The base class :class:`envs.ManagerBasedEnv` wraps around many intricacies of the simulation interaction
and provides a simple interface for the user to run the simulation and interact with it. It
is composed of the following components:

* :class:`scene.InteractiveScene` - The scene that is used for the simulation.
* :class:`managers.ActionManager` - The manager that handles actions.
* :class:`managers.ObservationManager` - The manager that handles observations.
* :class:`managers.EventManager` - The manager that schedules operations (such as domain randomization)
  at specified simulation events. For instance, at startup, on resets, or periodic intervals.

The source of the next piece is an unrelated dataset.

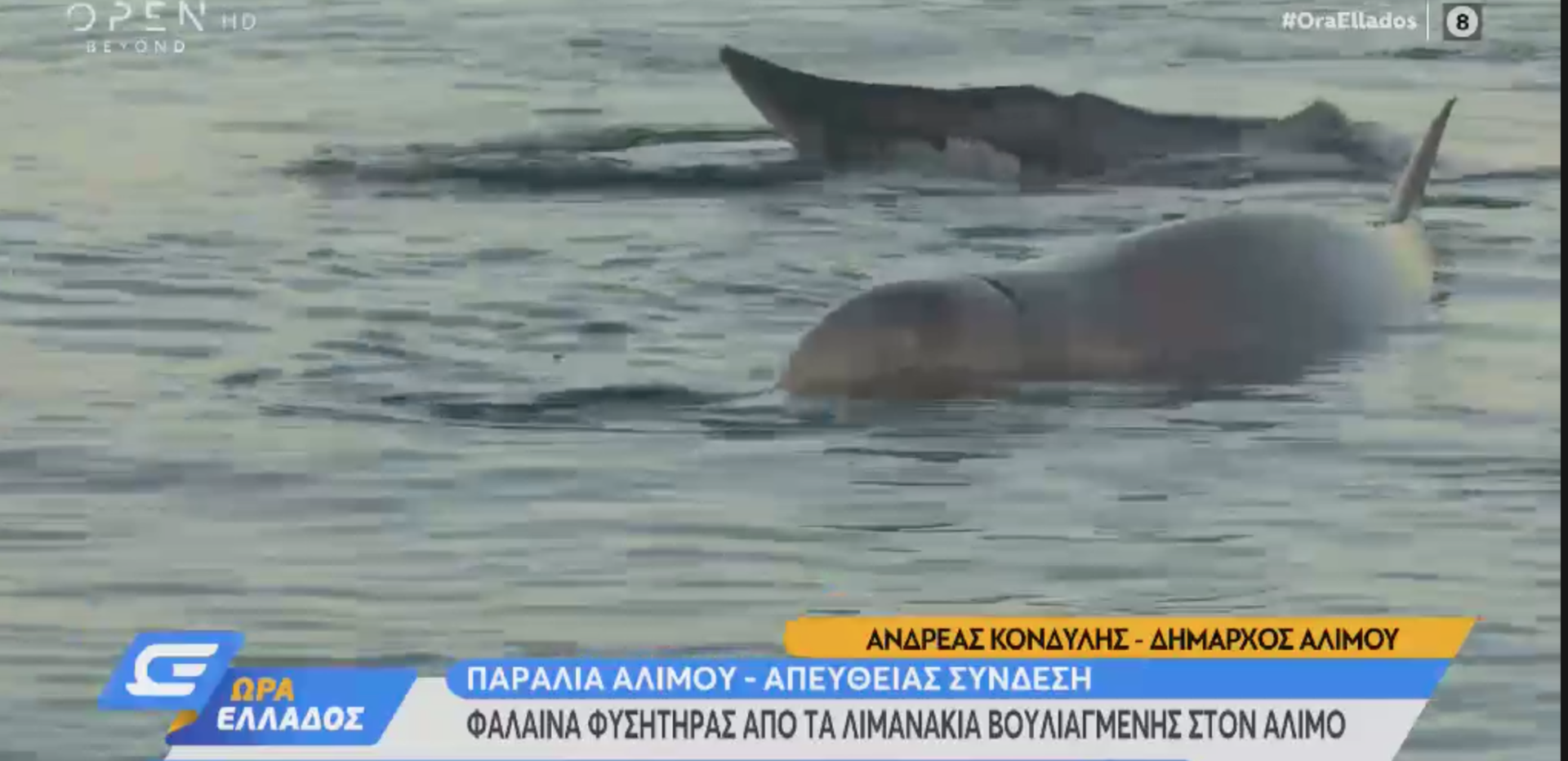 Πρωτόγνωρες εικόνες με εγκλωβισμένη φάλαινα στον Άλιμο

By configuring these components, the user can create different variations of the same environment
with minimal effort. In this tutorial, we will go through the different components of the
:class:`envs.ManagerBasedEnv` class and how to configure them to create a new environment.

Designing the scene
-------------------

The first step in creating a new environment is to configure its scene. For the cartpole
environment, we will be using the scene from the previous tutorial. Thus, we omit the
scene configuration here. For more details on how to configure a scene, see
:ref:`tutorial-interactive-scene`.

Defining actions
----------------

In the previous tutorial, we directly input the action to the cartpole using
the :meth:`assets.Articulation.set_joint_effort_target` method. In this tutorial, we will
use the :class:`managers.ActionManager` to handle the actions.

The action manager can comprise of multiple :class:`managers.ActionTerm`. Each action term
is responsible for applying *control* over a specific aspect of the environment. For instance,
for robotic arm, we can have two action terms -- one for controlling the joints of the arm,
and the other for controlling the gripper. This composition allows the user to define
different control schemes for different aspects of the environment.

In the cartpole environment, we want to control the force applied to the cart to balance the pole.
Thus, we will create an action term that controls the force applied to the cart.

.. literalinclude:: ../../../../scripts/tutorials/03_envs/create_cartpole_base_env.py
   :language: python
   :pyobject: ActionsCfg

Defining observations
---------------------

While the scene defines the state of the environment, the observations define the states
that are observable by the agent. These observations are used by the agent to make decisions
on what actions to take. In Isaac Lab, the observations are computed by the
:class:`managers.ObservationManager` class.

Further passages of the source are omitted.